Paul is correctly pointing out that the chip only needs to dissipate the portion of power used in the chip's resistance.

For current to flow, the chip must have one gate high and one gate low. Therefore, Paul is adding the typical high and low resistance (from the 4427 datasheets) together to calculate the total amount of resistance the chip causes.

When a moving motor is added to the circuit, the motor uses up some (hopefully most) of the power. Just dive for that robot if the motors stall!

In summary, the chip can't run at maximum volts and maximum amps because most of the 66 watts (47 watts typical) would need to be dissipated by the chip.

Thanks Paul!


D1 and D3:

Schottky small-signal diodes.

I couldn't find any! So, I used 5817 Schottky diodes instead.

The key factors in substitution are:

* Are the diodes rated to turn on with less voltage than the TC4424's internal transistor base voltage? (600 millivolts)
* Are the diodes rated to handle the maximum reverse voltage? (22 volts)
* Are the diodes rated to handle the maximum current? (3 amps)

In the case of the 5817s, the datasheets answers are:

* Yes. (400 millivolts or less)
* Nearly. (20 volts -- so this is the circuit's new voltage maximum)
* Yes, peak (25 amps)

When a motor accelerates or decelerates for any reason (signal, load, or friction), there is reluctance for the electric field present in the motor coils to change. More properly, the changing field induces power. This "refunded" power can jam back into the chips.

D1 and D3 protect the chips from overvoltage by turning on when more voltage is coming from the motor than is coming from the batteries. The batteries absorb the power.

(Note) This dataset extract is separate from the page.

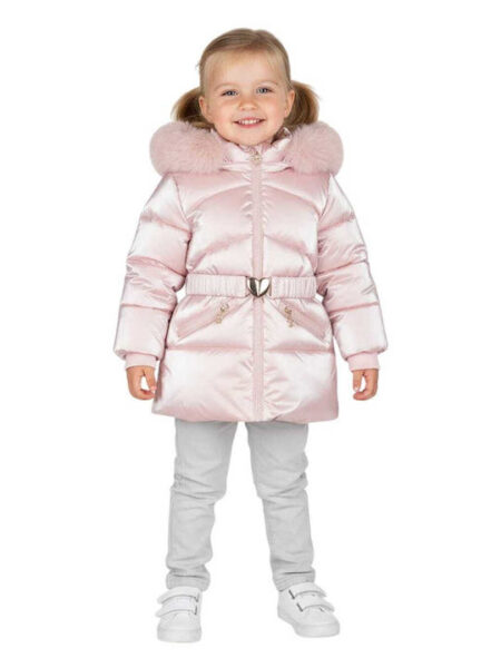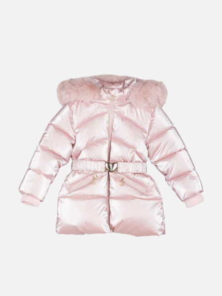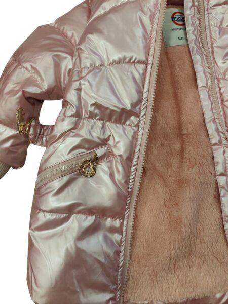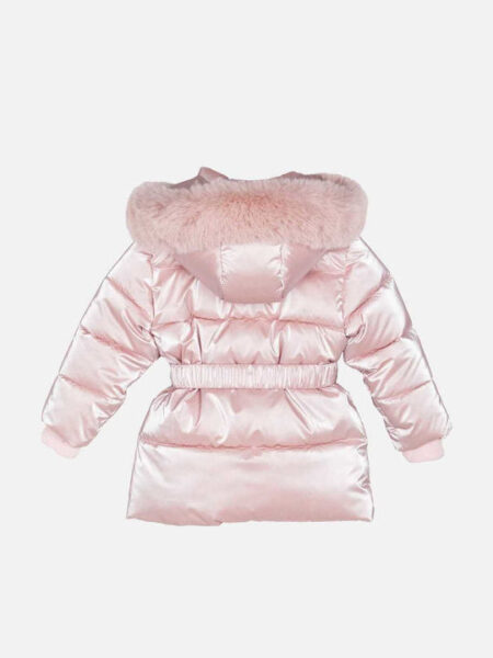 Μπουφάν ροζ μεταλιζέ με ελαστικό ζωνάκι, σε ροζ χρώμα γυαλιστερό, με γούνινη επένδυση απο μέσα, με αποσπώμενη κουκούλα πλαϊνές τσέπες και κλείσιμο με φερμουάρ.

The turn-on rating of the diode must be lower than the turn-on rating of the chip, or else the diode won't turn on early enough to protect the chip.

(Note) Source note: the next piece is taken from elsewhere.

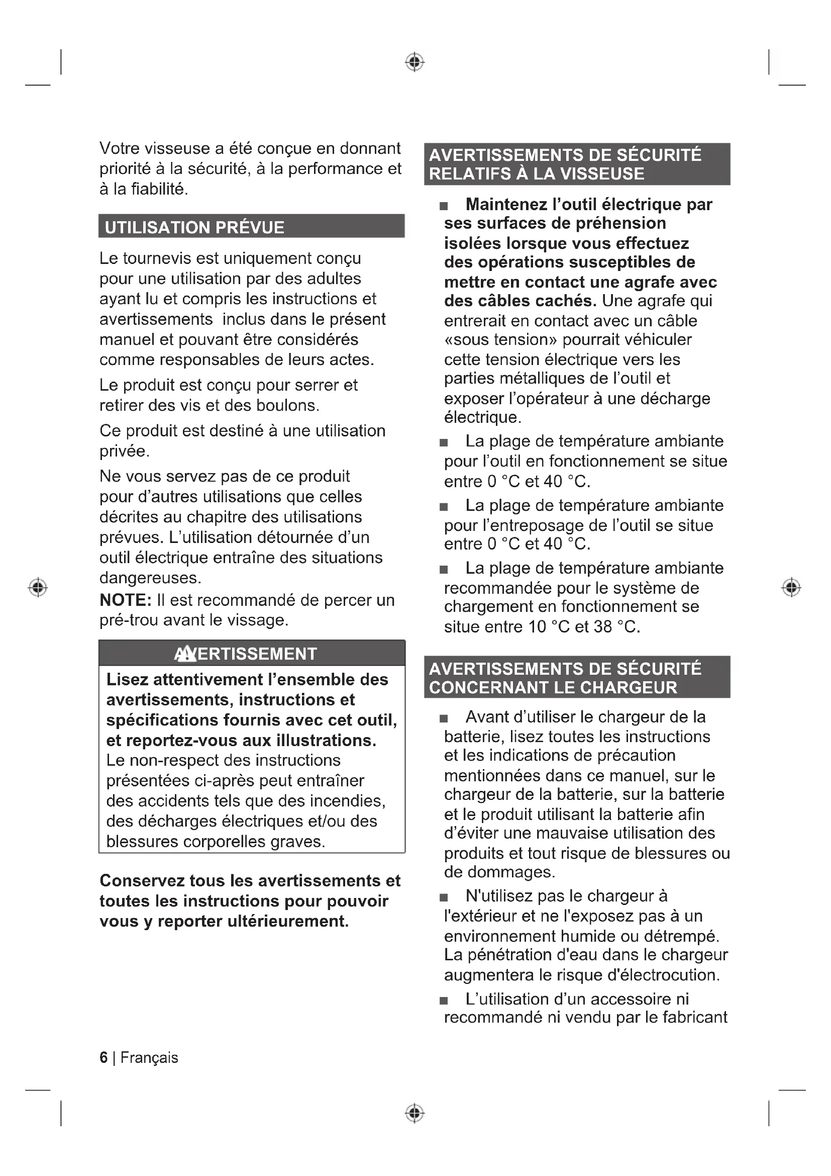 Le tournevis est uniquement conçu pour une utilisation par des adultes ayant lu et compris les instructions et avertissements inclus dans le présent manuel et pouvant être considérés comme responsables de leurs actes. Le produit est conçu pour serrer et retirer des vis et des boulons. Ce produit est destiné à une utilisation privée. Ne vous servez pas de ce produit pour d’autres utilisations que celles décrites au chapitre des utilisations prévues. L’utilisation détournée d’un outil électrique entraîne des situations dangereuses. NOTE: Il est recommandé de percer un pré-trou avant le vissage. AVERTISSEMENT Lisez attentivement l’ensemble des avertissements, instructions et spécifications fournis avec cet outil, et reportez-vous aux illustrations. Le non-respect des instructions présentées ci-après peut entraîner des accidents tels que des incendies, des décharges électriques et/ou des blessures corporelles graves. Conservez tous les avertissements et toutes les instructions pour pouvoir vous y reporter ultérieurement.

Because the diode is installed in "reverse", the power can't flow from the batteries to the motors. If the diode was installed differently, power would immediately flow to the motors, bypassing the chip outputs (or worse, short-circuiting through the chip).

By the way, this arrangement is why the reverse or breakdown voltage of the diodes is important. If the reverse voltage rating was less than the full battery voltage, the battery would break down the reversed diode and just shoot through.


D2 and D4:

Schottky small-signal diodes.

D2 and D4 protect the chips from undervoltage (less than ground) by turning on when the voltage in the motor is below GND. Once again, the batteries take care of the problem, rather than power flowing backwards from the chip.

D1 through D4 could be eliminated. In fact, Bugdozer runs without the diodes. However, parasitic voltages can and do temporarily short power supplies (reset!) and can even destroy the driver chips.
Despite what may seem complicated at first, the above photograph includes added features such as an LP2954 5V voltage regulator, a bicolor LED, and two switches for testing.

One H-bridge drives one motor. For a common two-wheeled robot, obviously two copies of the H-bridge circuit are needed.

* Pressing the right-side button makes the motor turn counter-clockwise and lights the LED green.
* Pressing the left-side button makes the motor turn clockwise and lights the LED red.
* Pressing both the buttons turns on the brakes (stopping the motor) and turns off the LED.
* Pressing the brakes quickly enough provides variable speed (between 0% and 100%).